▸ **Data for review**
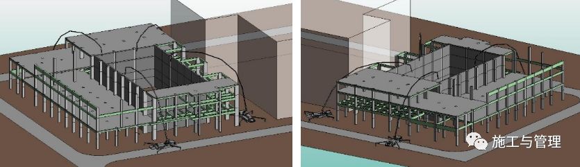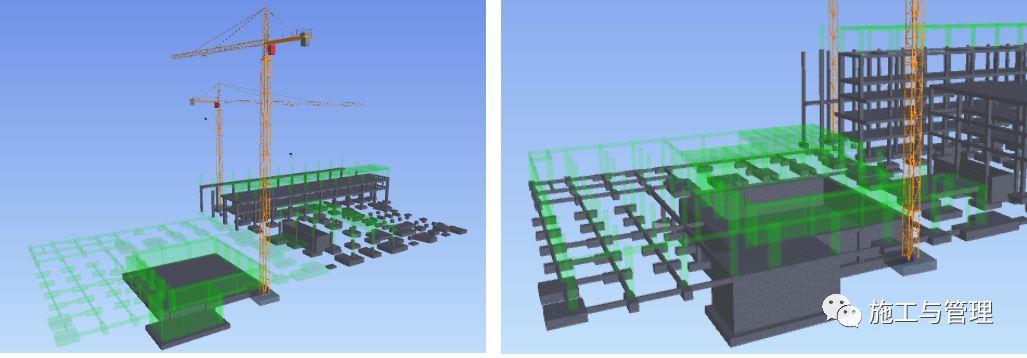 由于初步嘗試使用BIM 技術(shù)進行施工技術(shù)管理工作,目前主要工作仍然是編制實際可行的施工進度計劃,根據(jù)結(jié)構(gòu)三維模型進行了初步建造模擬和部分專業(yè)的管線綜合。
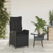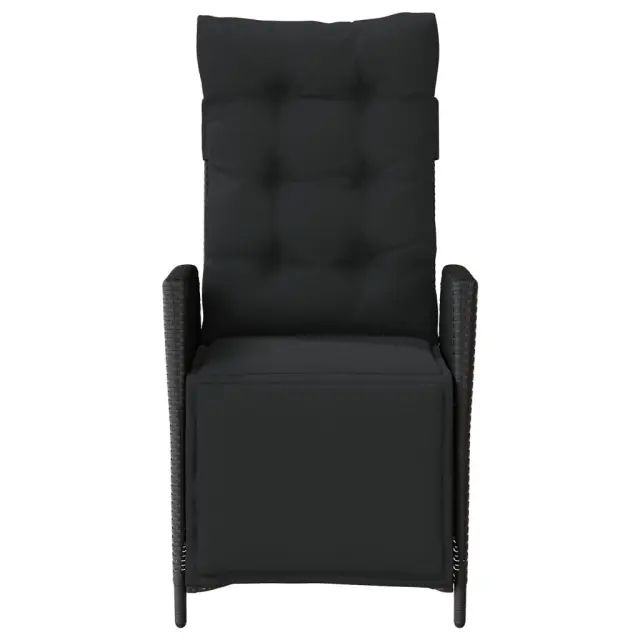 vidaXL Vrtni naslanjač z naslonom za noge črn poli ratan
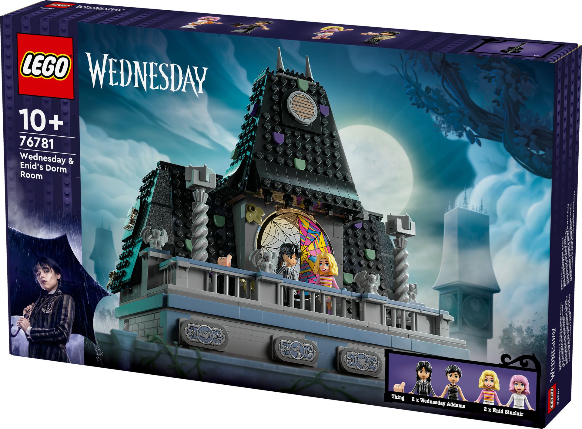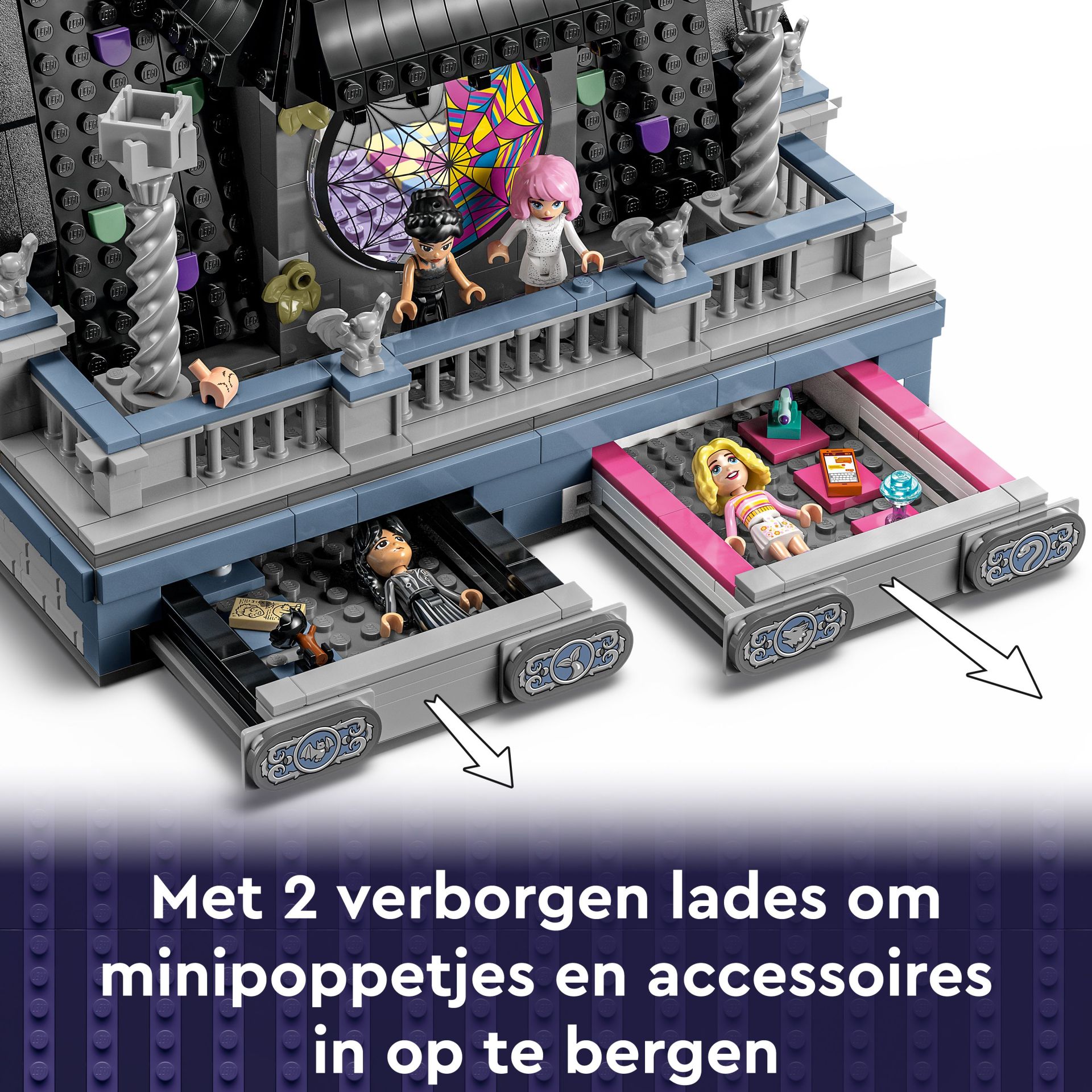 • Nevermore Academy set – de schoolspeelset bevat een bouwbare kamer met een spinnenwebraam dat open kan, een basis met knoppen die geheime lades openen en een balkon met 4 waterspuwers
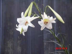 今年も我が家の鉄砲百合が咲いてくれた。花のない時期に咲くので、心和ませてくれる。それにしてもこの暑さはいつまで続くのであろうか。
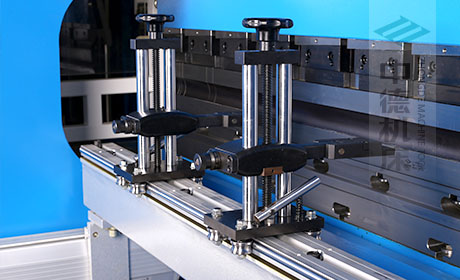 ●可調(diào)式檔指,手搖升降,可適應(yīng)不同模具;橫梁雙線軌設(shè)計,零游隙。
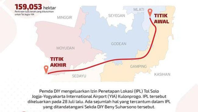 Pemerintah Daerah Istimewa Yogyakarta (Pemda DIY) telah menerbitkan Izin Penetapan Lokasi (IPL) lahan Tol untuk Seksi Jogja-Kulon Progo yang berada di Kabupaten Sleman dan Bantul. Tol itu bakal menghubungkan Kota Jogja dengan Bandara Yogyakarta International Airport (YIA).

▸ **What is expected**
Print all entries exactly; skip the pictures.

▸ **Your solution**
 由于初步嘗試使用BIM 技術(shù)進行施工技術(shù)管理工作,目前主要工作仍然是編制實際可行的施工進度計劃,根據(jù)結(jié)構(gòu)三維模型進行了初步建造模擬和部分專業(yè)的管線綜合。
 vidaXL Vrtni naslanjač z naslonom za noge črn poli ratan
 • Nevermore Academy set – de schoolspeelset bevat een bouwbare kamer met een spinnenwebraam dat open kan, een basis met knoppen die geheime lades openen en een balkon met 4 waterspuwers
 今年も我が家の鉄砲百合が咲いてくれた。花のない時期に咲くので、心和ませてくれる。それにしてもこの暑さはいつまで続くのであろうか。
 ●可調(diào)式檔指,手搖升降,可適應(yīng)不同模具;橫梁雙線軌設(shè)計,零游隙。
 Pemerintah Daerah Istimewa Yogyakarta (Pemda DIY) telah menerbitkan Izin Penetapan Lokasi (IPL) lahan Tol untuk Seksi Jogja-Kulon Progo yang berada di Kabupaten Sleman dan Bantul. Tol itu bakal menghubungkan Kota Jogja dengan Bandara Yogyakarta International Airport (YIA).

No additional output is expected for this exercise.